For exterior I use SWP all the way. I live on the NW coast and I've had the best luck with their products. Resilience has a chemical in it that causes the film to skin over quicker while it's curing, so the mist and drizzle won't ruin it. It let's you start earlier and paint later in the day. Their products are very durable with great adhesion. A-100 is one of their mid-grade products, but there's nothing mid-grade about it. It performs excellently. Each product has a unique characteristic to it. Duration is awesome if people don't mind shelling out the $ for it. It's like pudding in the can, but SO durable. Plus you can get 1 coat coverage out of it easily and it's self-priming, which is not the same as paint and primer in one. Deckscapes/Woodscapes exterior stains are awesome and versatile and very easy to maintain. They also can be uses as good primers under Latex topcoats. I use leftovers to spot prime all the time.

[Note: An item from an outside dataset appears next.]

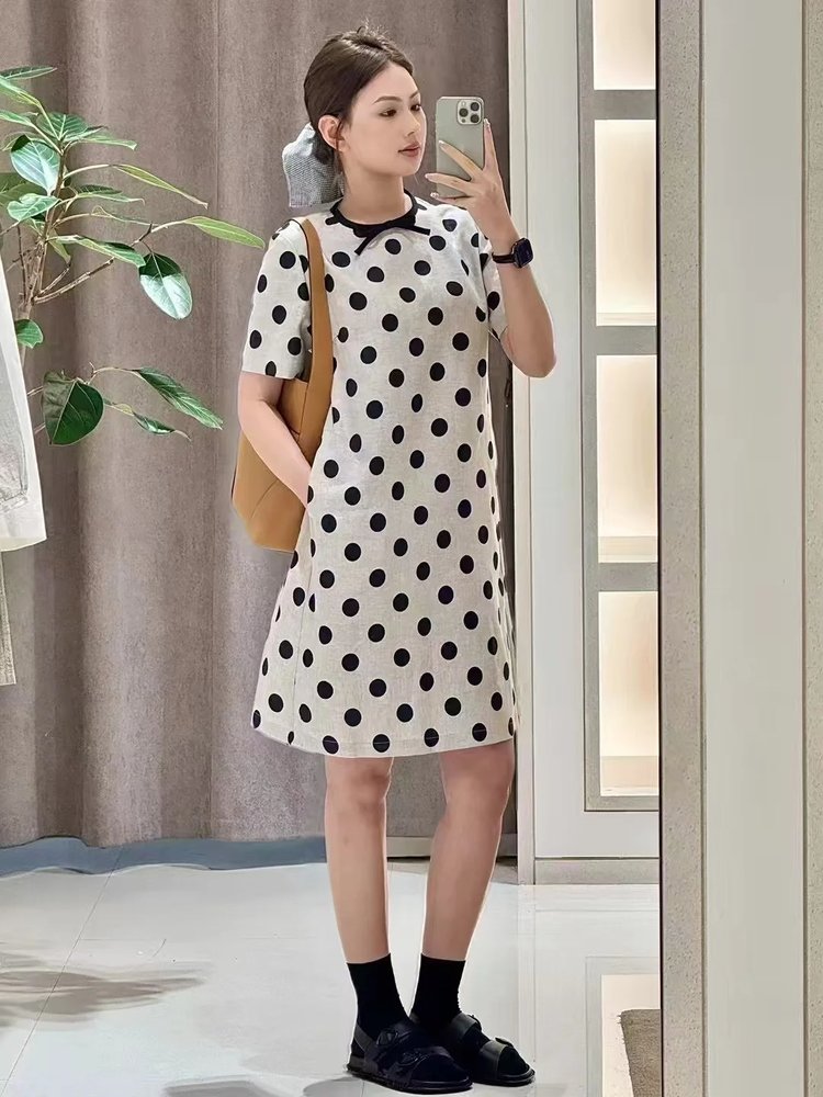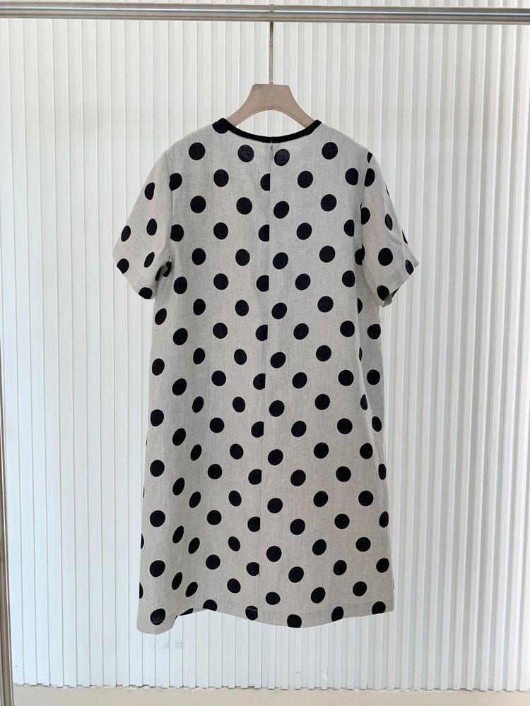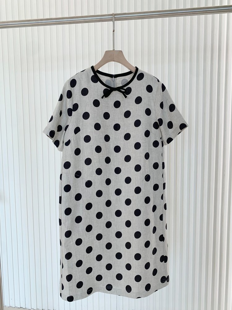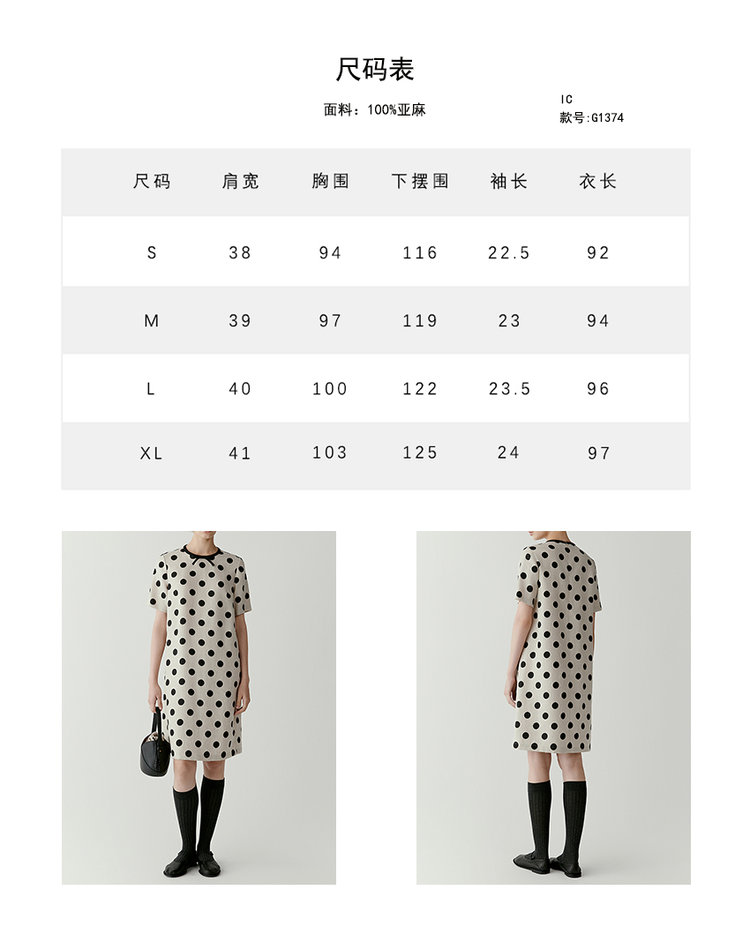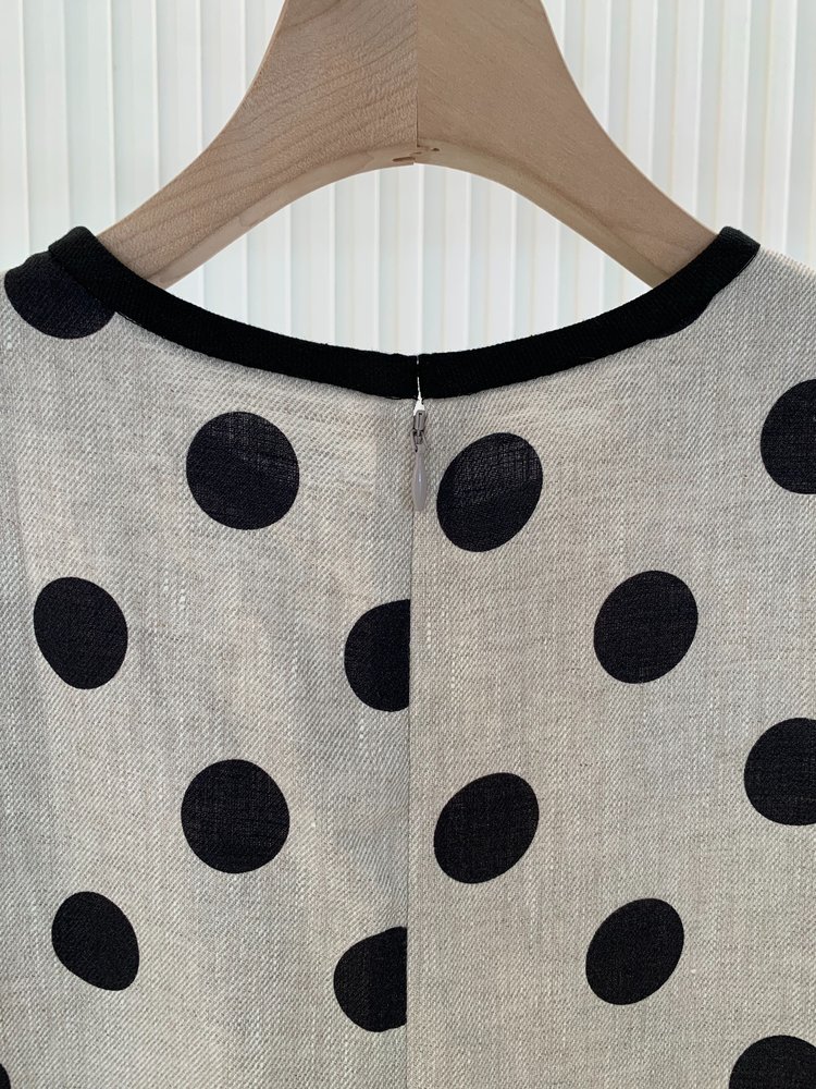 【高品质私服】【GIC斜纹亚麻波点及膝连衣裙】独特肌理 垂坠柔韧 亲肤舒适G1374【无标出货 介意慎拍】CC

For interior, I use Contractor's satin or low sheen, PM200 for flat, s/g or eg-shel. I use Solo satin or s/g for trim and millwork. I used to use ProClassic, but the Solo is less expensive and doesn't run as easily. Always had to babysit ProClassic to catch drips. I still use it if people want it as it does have the best finish IMHO. I've been using some BM here and there for interior walls. They have some good colors that are popular and there's a supplier down the street. I've used almost every single product SWP has to offer, even Industrial and Marine stuff. I've also used traditional laquer, Kem Aqua, and others. Too many to list. Also, I really like their Wood Classics oil based stains for interior woodwork. I've had the best luck using those with Waterbased Satin Polyurethane Varnish. Varathane would not accept the waterbased topcoat when I tried it. Going to start using some waterbased stains too and see how it goes.

The one thing I'm starting to buy elsewhere is primers. I really like Kilz Premium latex and Kilz 2 from Home Depot. They also have a couple of great oil based and a shellac primer that are good. Much less expensive than primer at SWP.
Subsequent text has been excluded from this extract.